Maduro claimed victory on July 28 in the recent presidential election, though most outside and opposition parties have convincing proof that he lost in a landslide. Exit polling had Edmundo Gonzalez, the opposition candidate, securing 65% of the vote. The National Electoral Council and the Supreme Court, both under Maduro’s control, awarded the election to Maduro. Approximately 10 million Venezuelans are considering emigrating after the recent election fraud. This represents one-third of Venezuela’s 28 million population.
It is unlikely Maduro will leave office of his own volition. He is protected by the Venezuelan army and security services, which are embedded with Cuban intelligence officers utilizing Chinese surveillance technologies.
Sanctions are not the answer to ousting Maduro. Sanctions against Cuba have been in place for over 60 years, and totalitarian communism still rules. American leadership needs to lead and work with Latin American leaders and insist that Maduro relinquish power as demanded by the election.
Summary
Why do Hollywood luminaries such as Danny Glover, Sean Penn, Naomi Campbell, and Michael Moore support Chavez/Maduro? In Glover’s case, it might be because he received $20 million from Chavez to make a movie.

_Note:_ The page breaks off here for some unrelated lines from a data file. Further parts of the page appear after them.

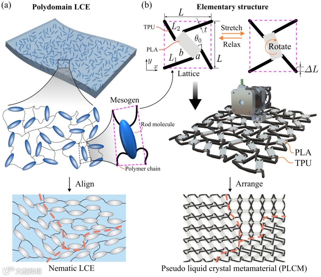 图1. 从微观到宏观的跨尺度映射:(a)液晶弹性体分子网络与畴结构示意。(b) 宏观拟液晶超材料设计及序构可编程构筑策略。
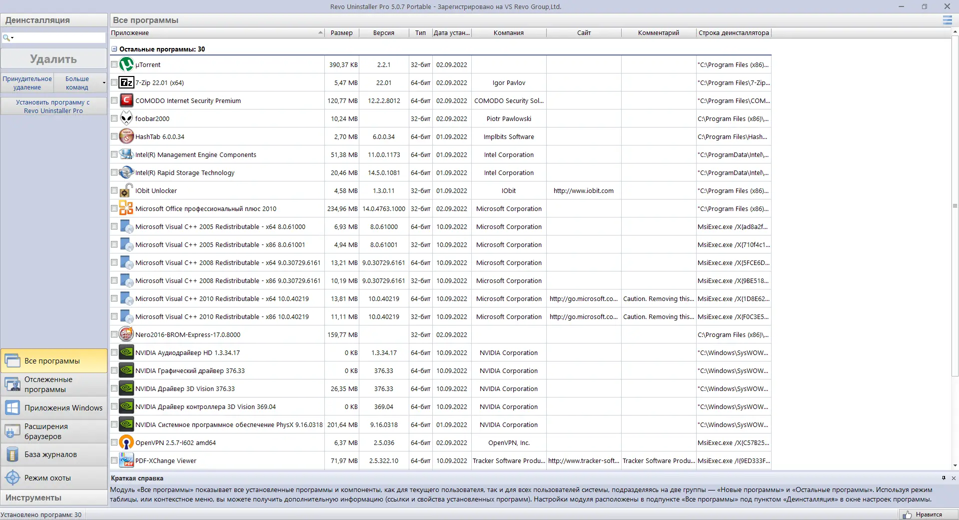Revo Uninstaller — это системная утилита, ориентированная на полное и точное удаление программного обеспечения. В отличие от стандартного деинсталлятора Windows, она анализирует систему до и после удаления приложения, выявляя все оставшиеся элементы. Это позволяет устранить не только основные компоненты программы, но и скрытые файлы, папки, ключи реестра, а также записи автозапуска. Утилита поддерживает работу с различными браузерами, офисными приложениями и системными компонентами, обеспечивая комплексную очистку.
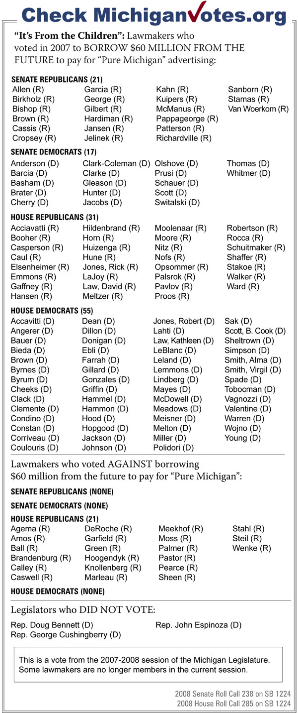 But that's not all. The next trip to this loan window happened just last year, when 37 senators and 86 House members voted to borrow another $60 million for a subsidy to tourism businesses in the form of state advertising, called "Pure Michigan" and related campaigns (www.michiganvotes.org/2008-SB-1224).
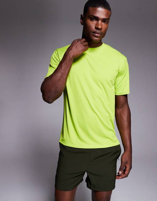 4505 – Jaskrawozielony szybkoschnący T-shirt do biegania o luźnym kroju z siateczki technicznej
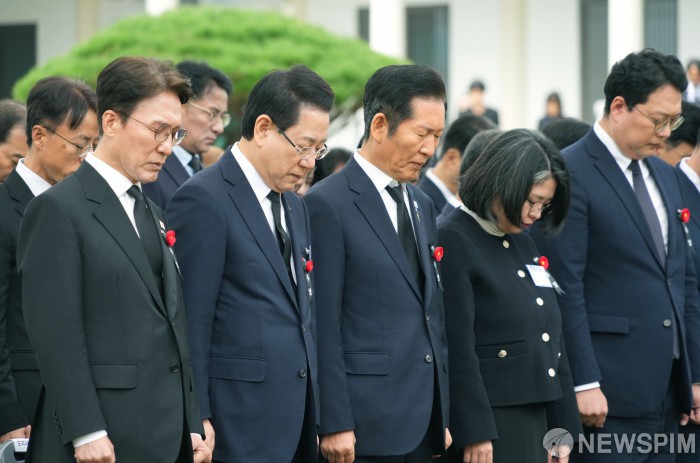 [무안=뉴스핌] 조은정 기자 = 김영록 전남도지사가 19일 구례군 지리산역사문화관에서 열린 '여순사건 제77주기 합동추념식' 행사에서 김민석 국무총리, 정청래 민주당대표 등 국회의원들과 희생자들에 대한 묵념을 하고 있다. [사진=전남도] 2025.10.19 ej7648@newspim.com
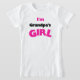Jag är morfars T-tröjor, kroppsdräkter, sömnlösa klänningar, skjortor, ruffelklänningar, hattar, sweatshirts, tröjor, långärmader, roprar, mörk T-tröjor och andra kläder, för barn, småbarn och spädbarn, med en tydlig rosa och svart text som lyder: Jag är morfars flicka!
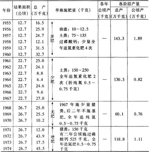 施肥量过多或过少,对果树生长发育均有不良影响。据试验,果树吸肥量在一定范围内随施肥量的增加而增加;超过一定范围,施肥量增加而吸收量下降(表5-8),说明施肥量符合树体要求,是经济用肥的途径。 表5-8 陕西棉花研究所果园1955-1974年20年施肥变化对产量的影响
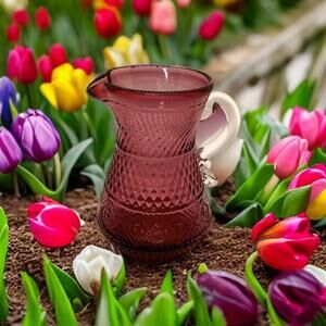 This is a vintage hand-blown Cranberry glass creamer/pitcher by Pilgram Glass of West Virginia. It is in the Bennington pattern, one of the company's specialty patterns in the late 1970s.
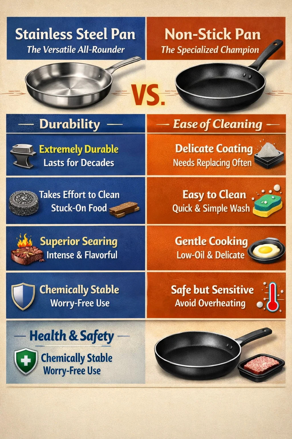 Keittoastioita valittaessa ruostumattomalla teräksellä ja tarttumattomilla pannuilla on kullakin omat etunsa. Niissä ei ole kyse siitä, että toinen korvaa toista, vaan pikemminkin "monipuolinen all-rounder" ja "erikoismestari" keittiössä.
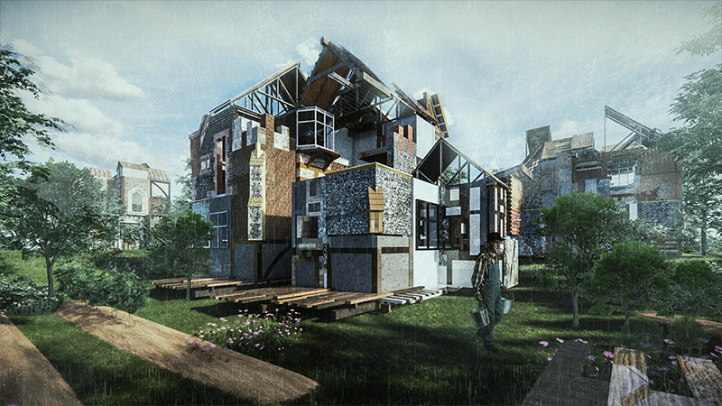 The house is recycled, reassembled, refurnished and relocated, as the erosion coming closer. The agents use an online alarming platform to chose their new habitat, new units layout and new adding materials. In the meantime, rewilding the abandoned land while migrating to the new place without leaving any negative things behind.
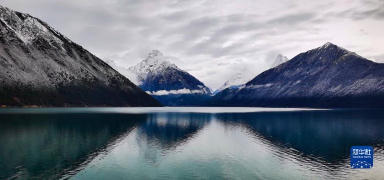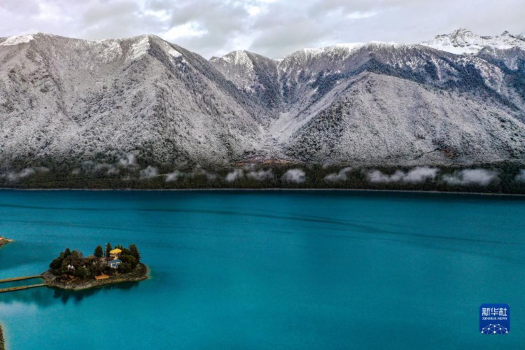 这是3月19日拍摄的巴松湖(无人机照片)。 巴松湖位于西藏自治区林芝市工布江达县,清澈的湖水在雪后银色山林的掩映下格外美丽。 新华社记者 姜帆 摄
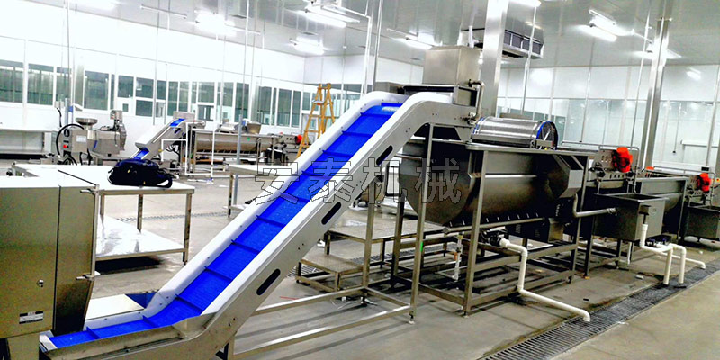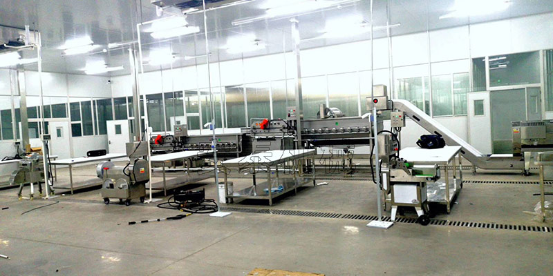 原料挑選---毛輥清洗去皮、氣泡清洗---去雜整理---切菜---漂燙殺青---冷卻---瀝水風干
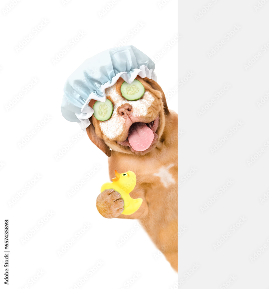 Happy Mastiff puppy with towel on his head and with cream on his face looks from behind empty white banner and shows rubber duck. isolated on white background
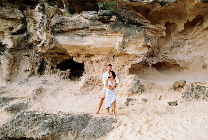Genieße eine Kunstfilmsession für zwei Personen und fange die authentischen Momente und Geschichten eines Paares an einem atemberaubenden Ort fest.
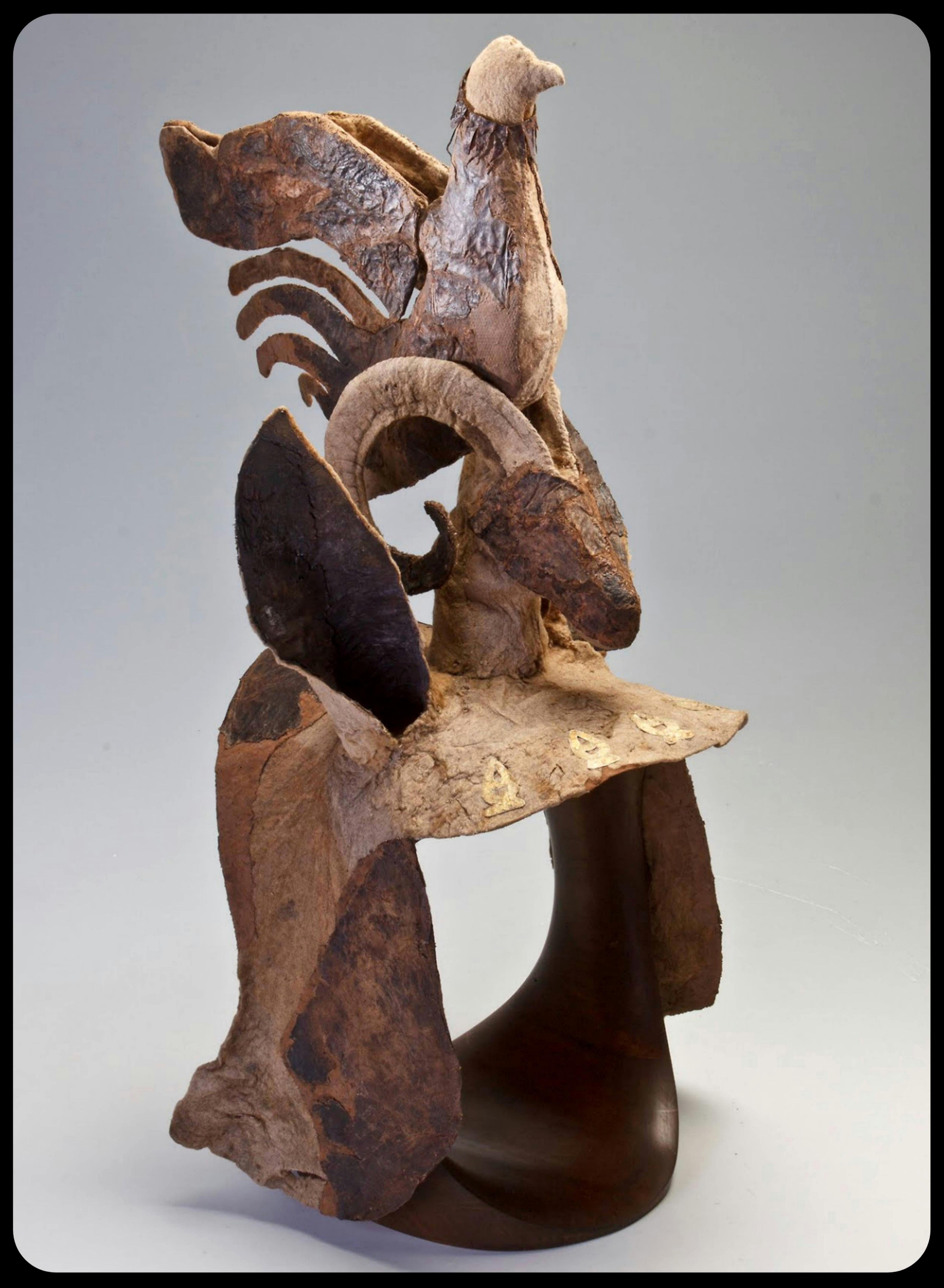 > The headdress is sewn from felt and leather, and topped with a ram’s head with a rooster-like bird standing between its horns. The bird is detachable, its legs are made of whittled sticks, and its wings were made separately on a rod frame. The peak of the mask is decorated with seven fish made of gold foil.
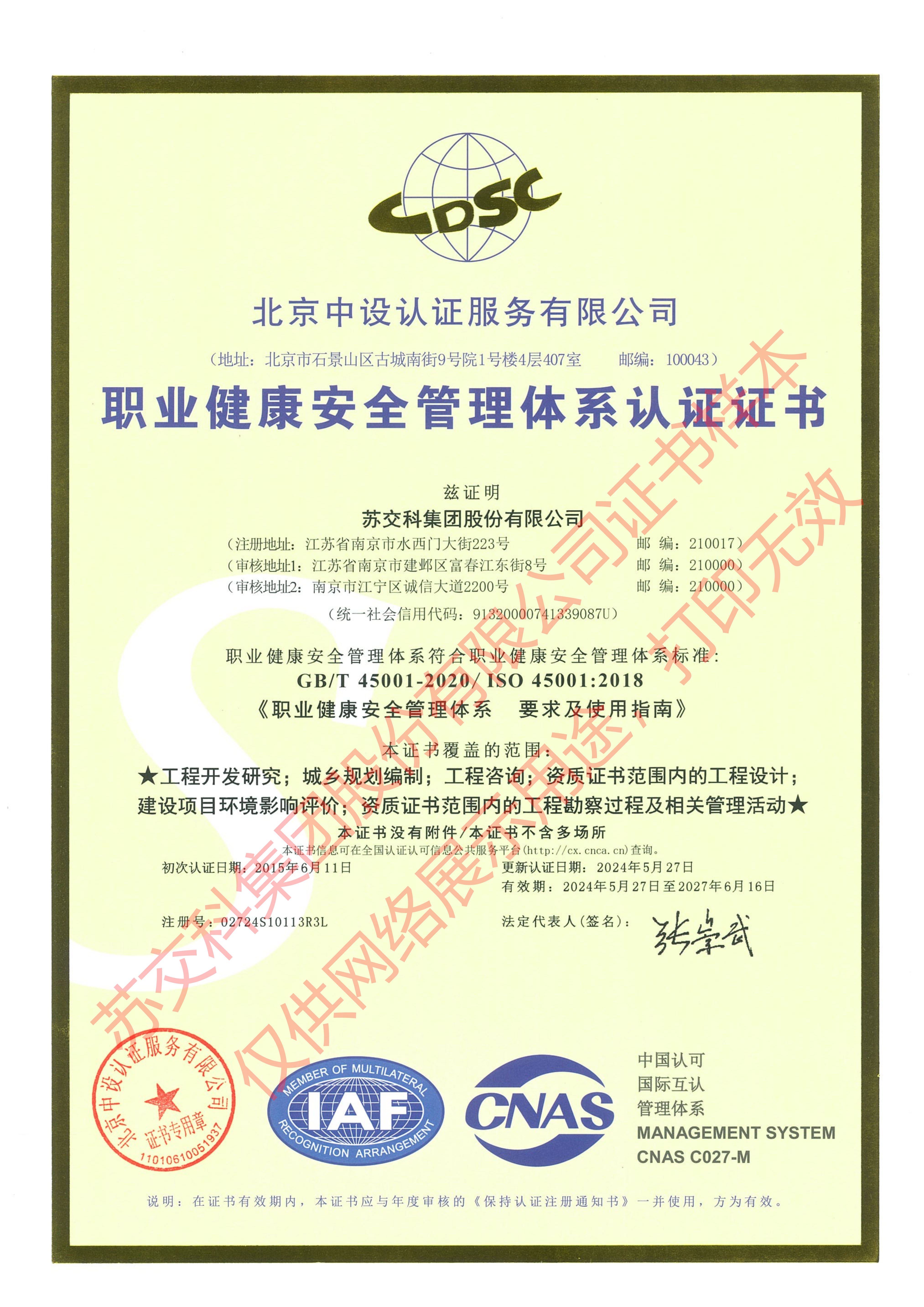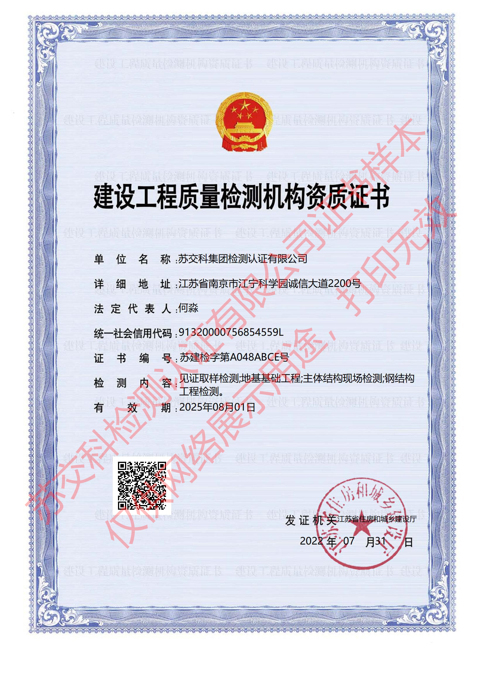 蘇交科檢測認證建設工程質量檢測機構資質證書(檢測類)
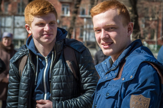 Они собрались 26 марта в Благовещенске в сквере АОДНТ на флешмоб (ФОТО) — и те, кто в юности пытался спрятать конопушки под слоем грима, и те, кто специально пошел к парикмахеру за огненной шевелюрой. Почти сотня участников — дети, парни и девчонки, в одиночку, с родными и даже с рыжими собаками. Многие из них были незнакомы друг с другом, но вместе чувствовали себя одной солнечной семьей. Отыскать в Приамурье людей, унаследовавших так называемый «ген имбиря», решило праздничное агентство «Пятница». Откликнулись 200 человек со всей области.
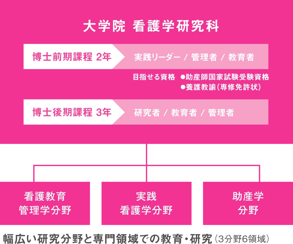 博士前期課程では、看護活動現場の改善と改革を行い良質なサービスによる社会貢献を目指してリーダー・管理者・教育者として活躍できる人材を育成します。博士後期課程では、卓越した研究能力をもって看護活動現場の変革と看護を実践科学として発展させる社会貢献を目指し、創造的で自立した看護研究者と教育者として活躍できる人材を育成します。
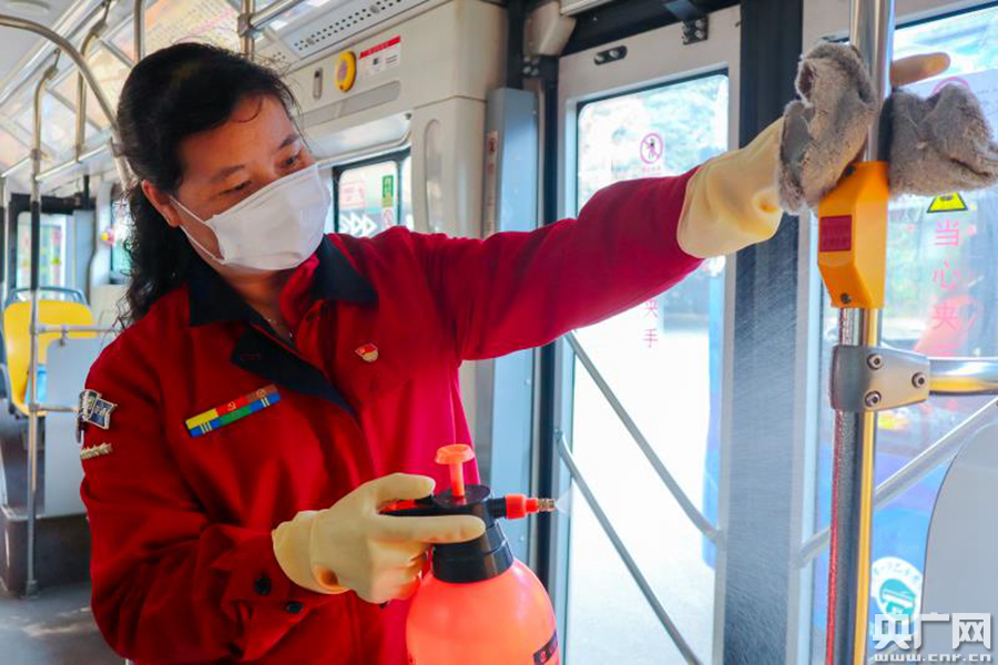 “乘客來坐我們的車,大可以放心!”讓市民放心的底氣從何而來?公交集團電車公司二分公司片區長溫漢雄告訴記者,自疫情發生以來,每位公交車長都進行嚴格的體溫檢測,上崗佩戴口罩是最基本的要求;每臺車輛每班次必消毒通風,特別對公交車輛車廂地板、扶手、座椅等乘客頻繁接觸部位會進行重點清潔,測溫儀也是每班次一消毒;同時車長們還會做好乘客體溫檢測工作,提醒乘客戴好口罩、不要相鄰而坐。
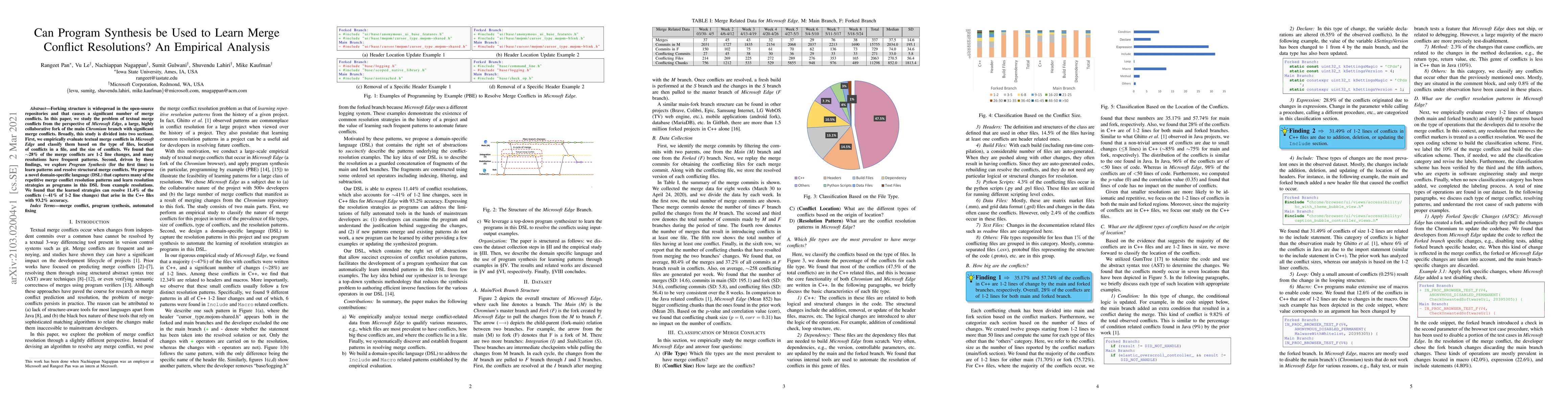 Forking structure is widespread in the open-source repositories and that causes a significant number of merge conflicts. In this paper, we study the problem of textual merge conflicts from the perspective of Microsoft Edge, a large, highly collaborative fork off the main Chromium branch with significant merge conflicts. Broadly, this study is divided into two sections. First, we empirically evaluate textual merge conflicts in Microsoft Edge and classify them based on the type of files, location of conflicts in a file, and the size of conflicts. We found that ~28% of the merge conflicts are 1-2 line changes, and many resolutions have frequent patterns. Second, driven by these findings, we explore Program Synthesis (for the first time) to learn patterns and resolve structural merge conflicts. We propose a novel domain-specific language (DSL) that captures many of the repetitive merge conflict resolution patterns and learn resolution strategies as programs in this DSL from example resolutions. We found that the learned strategies can resolve 11.4% of the conflicts (~41% of 1-2 line changes) that arise in the C++ files with 93.2% accuracy.
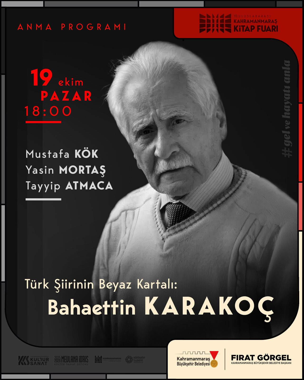 Kahramanmaraş Büyükşehir Belediyesi’nden yapılan açıklamada, kültür ve sanat faaliyetlerinin kesintisiz sürdürüldüğü vurgulanarak, “Şehrimizin yetiştirdiği kıymetli şair ve edebiyatçı Bahaettin Karakoç’u vefatının yıl dönümünde rahmetle ve minnetle anıyoruz. Edebiyatımıza kazandırdığı değerleri hatırlamak, gelecek kuşaklara aktarmak için tüm hemşehrilerimizi bu özel programa davet ediyoruz” denildi.

Marxist communism has yet to work for the people’s benefit. Over 100 million people are estimated to have died from various communist programs. The ruling classes live well, while the rest of the people live dystopian lives, as Milovan Djilas wrote in New Class: An Analysis of the Communist System.
If Venezuelan and Cuban socialism is so good, why do millions flee their homeland and thousands die in the process? The litmus test of a society’s worth is how many people want to join it versus how many want to leave it. How many people are fleeing to Venezuela or Cuba?
The eight million Venezuelan emigrants are affecting the social fabric of neighboring countries, including the United States. Transnational criminal gangs associated with Maduro are now operating in the major U.S. cities of New York, Miami, Chicago, and Atlanta.
When it was capitalist in 1950, Venezuela was one of the wealthiest nations in the world; now it is one of the world’s poorest. Yet it has the world’s largest oil reserves. Socialism, wherein the government controls all levers of power, has never generated a prosperous society.
Action
The United States should:
- Vigorously advocate in the 45-nation Organization of American States (OAS) for the promotion of representative democracy in the communist countries of Cuba, Venezuela, and Nicaragua.
- Base “reciprocity” as the foundation of U.S. diplomacy. No financial aid or favorable trade agreements should be granted to anti-U.S. countries.
- Increase “Gray Zone” actions against Venezuela for fomenting social unrest throughout the Western Hemisphere through its alliances with Cuba, China, Russia, and Islamist terror groups.
- Work economically and militarily with OAS members that are adversely affected by Venezuelan emigration and malevolent actions.
Laurence F. Sanford is a senior analyst at the American Security Council Foundation.